I got to feeling pretty bad today but couldn't figure out why until it hit me. I immediately cranked up the GS, ran over to Walmart and took a nap in the parking lot. I feel MUCH better now. Almost like I'm home doing my normal stuff.
I have organized my pack mule such that when I get tired, I pull off at a rest stop or "turn around" as they have up here, pull my tarp from under the bungee cords throw it down on the ground right beside the motorcycle and within five minutes, I'm sound asleep with all my gear on, including gloves, helmet, etc. That way I don't have to worry about mosquitos at all. They can't get to me for all the kevlar and plastic.
Alaskan law is such that, unless it is posted otherwise, a person can camp just about anywhere here. I could also camp just about anywhere if I wasn't concerned about getting wet and drowning. If I were a frog, I'd be right at home.
Oh-Oh, Battery going dead. Must send email and go to room
More tomorrow
mo-gser.blogspot.com
Day 12 Fairbanks at Last
I got a chance to talk to the old couple on the Honda Goldwing pulling the trailer this morning. He said they went from Jacksonville, Arkansas (near Little Rock) to Alaska and then they went to Key West, Florida and now they're back in Alaska again. I asked him how many miles he had for this trip and he said about 20,000. That's a lot of miles sitting on a motorcycle. He said he's retired now and they don't have any schedule for anything so they just travel on the motorcycle.

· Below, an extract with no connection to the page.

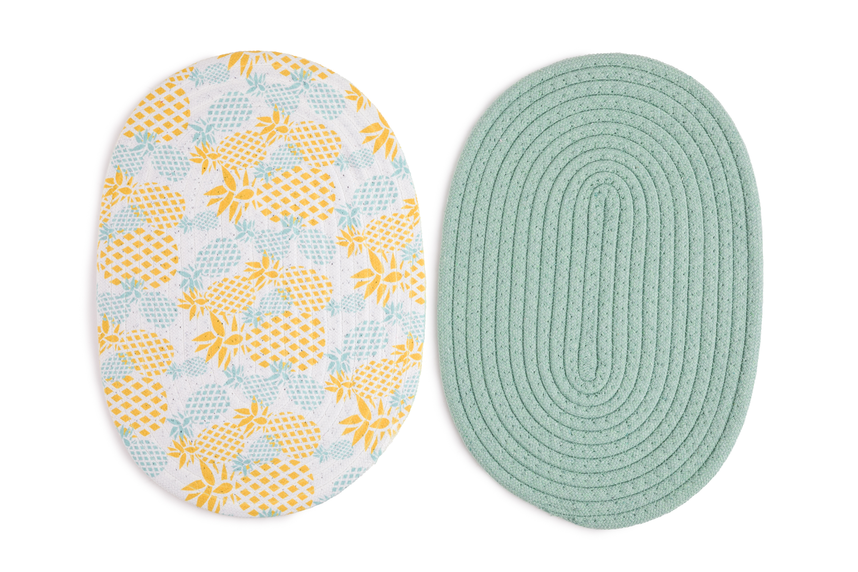 2pc Printed Asst Oval Woven Trivets - Pineapples

I also talked to a guy who was riding a brand new R1200 GS that he had been traveling around Alaska for a while and then had his wife fly out to Anchorage and he picked her up and she was traveling with him for ten days. He said she only had ten days vacation so couldn't come with him on the whole trip. He said he had gone up to Prudhoe Bay by himself and spent two days going up and two days coming back and had the most perfect weather the entire time. I am SSOOOOOO jealous. I've seen nothing but rain for the last twelve days.
I started out from Tok in the rain as usual heading for Fairbanks. I planned one stop at North Pole, Alaska. Notice I didn't say THE North Pole. There's a city close to Fairbanks that is named North Pole. It has a Santa Clause Lane and Santa's House and a great big statue of Santa Clause right on the highway to Fairbanks.
There was very little construction between Tok and Fairbanks. Just one small stretch where they had one lane of the highway closed off while they worked on it. They had a pilot truck that you had to follow and it lasted about 2 miles or so. Not anything difficult at all.
Tomorrow, I'm going to go out and take a look at the Haul Road and see what I think. They say you can tell what it will be like in the first ten miles or so. This will be a mini test.
Right now it is 11:15pm and it's still bright outside. Your time is 2:15 am so I'm tired and going to bed. More tomorrow.
mo-gser.blogspot.com
Day 11 What a day!
Last night when the sun was still shining at 11pm local time, I took a picture of the mountains with the sun shining on them. It was something to see.
When I woke up this morning I looked out at the mountains and there was fog all over the tops of them. I happened to be looking out the window when a Harley rider pulling a trailer got started up to go over to the gas station across the street with his buddies to gas up. He just got on it and backed up from his parking space and started forward to head out of the hotel parking lot and plop, the Harley fell over. It took he and his buddy to lift it back up and over to the gas station he went.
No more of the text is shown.